July 16, 2006

Last Sunday's piece in the Plain Dealer about the three -- or four or five or six or seven -- men who may have been wrongfully put on death row in Ohio because of the misconduct of a former county prosecutor came as an interesting juxtaposition with the US Supreme Court's latest foray into death penalty jurisprudence.  A few weeks back, in Kansas v. Marsh, the Court upheld a Kansas statute which allowed the defendant to be executed if the evidence of mitigating and aggravating factors was equal.

The decision wasn't wholly unexpected; after all, the Court has previously held that there's nothing wrong with imposing upon the defendant the burden of proving that the mitigating factors outweigh the aggravating circumstances, creating the interesting situation where I can't recover for a fender-bender in small claims court if I can't prove my case, but the state can kill someone unless he proves that it shouldn't.  What was more interesting than the result was the dueling opinions, Souter dissenting and Scalia concurring.  Souter argued that the "repeated exonerations of convicts under death sentences" should force a re-examination of what the 8th Amendment could tolerate in terms of capital punishment.  Scalia was having none of it; those exonerations, rather than being an indictment of the system, proved instead that it worked:  the system does eventually weed out the innocent from the guilty, however belatedly. 

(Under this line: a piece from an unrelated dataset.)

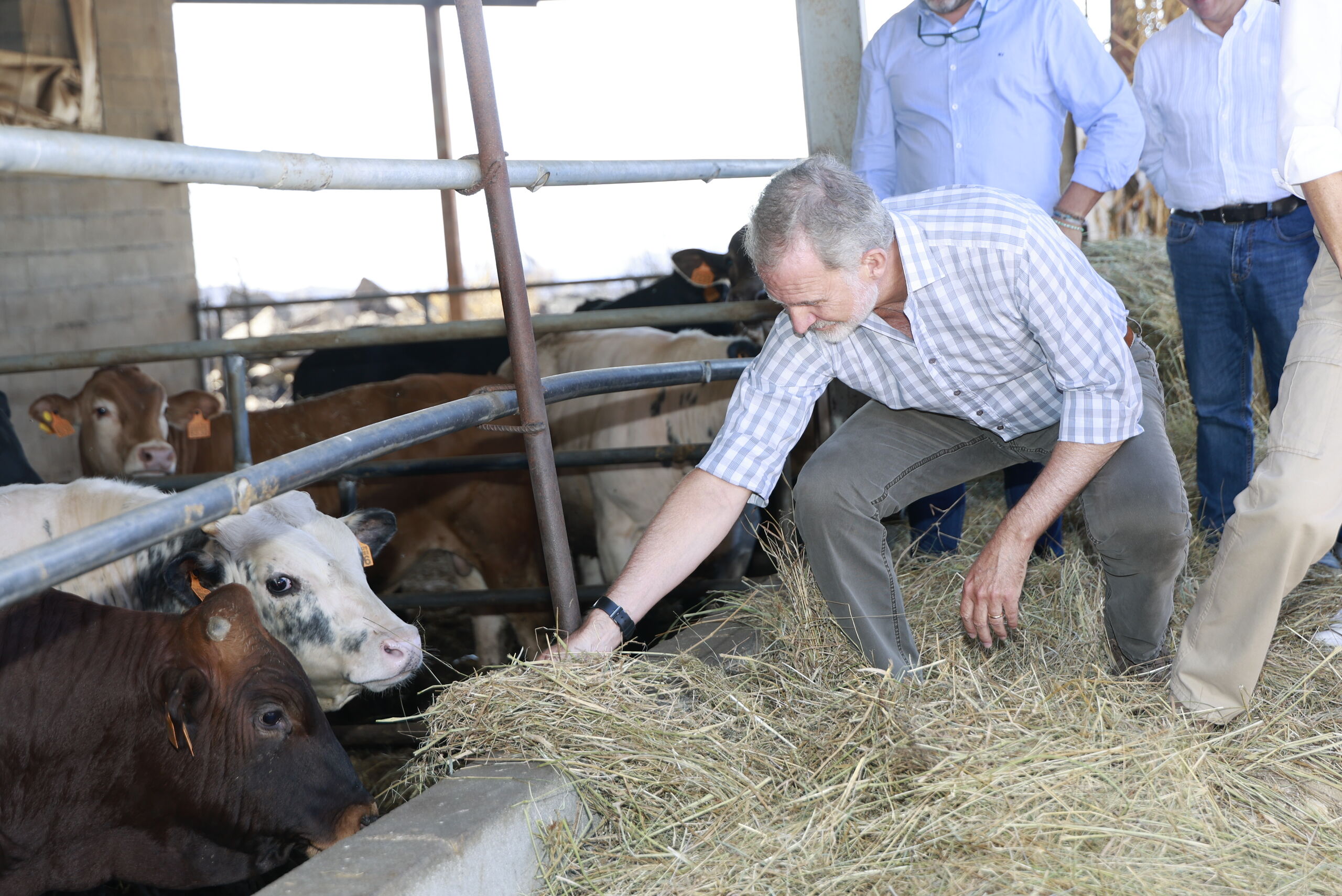 Don Felipe no ha dudado en dar de comer a los animales de la explotación agrícola.

This is a popular litany among supporters of capital punishment, a rejoinder to be expected in the face of evidence that scores of people have been wrongfully sentenced to death: the Death Penalty Innocence Project now lists 123 people who were convicted of capital crimes and subsequently exonerated.  This argument has more than a tinge of hypocrisy to it, because those same supporters regularly bemoan the lengthy appeals process available to those on death row.  In this case, though, the delay of "justice" is its saving grace:  of the 39 people freed from death row because they'd been wrongfully convicted, 29 had been there more than ten years.

In this light, what was more interesting about the Plain Dealer article than its discussion of the individual cases was its brief history of capital punishment in Ohio since its restoration in 1980, especially in Cuyahoga County.  The article noted that former Cuyahoga County Prosecutor John T. Corrigan was a strong advocate of capital punishment, and his enthusiasm for it resulted in one out of six residents of the state's death row coming out of this County.

But that was then, this is now:  the article went on to note that although the number of capital prosecutions has remained steady, the number of death sentences has plummeted in this county.  That is hardly a phenomenon confined to this area; the number of death penalties handed down by American juries has declined to its lowest level since capital punishment was reinstated thirty years ago, and has dropped by almost two-thirds in the past decade.

There are a number of reasons for this, like the availability of alternative sentences like life imprisonment without parole, but a major one appears to be a public increasingly sharing Souter's concerns about a system "that fails to deliver the fair, consistent, and reliable sentences of death required by the Constitution."

Those words are not from Souter, though, but from Justice Harry Blackmun in 1994.  Having tried for two decades "to develop procedural and substantive rules that would lend more than the mere appearance of fairness to the death penalty endeavor," Blackmun concluded that those endeavors were in vain, and announced that "from this day forward, I no longer shall tinker with the machinery of death."  It may be that the American people are coming around to the same view.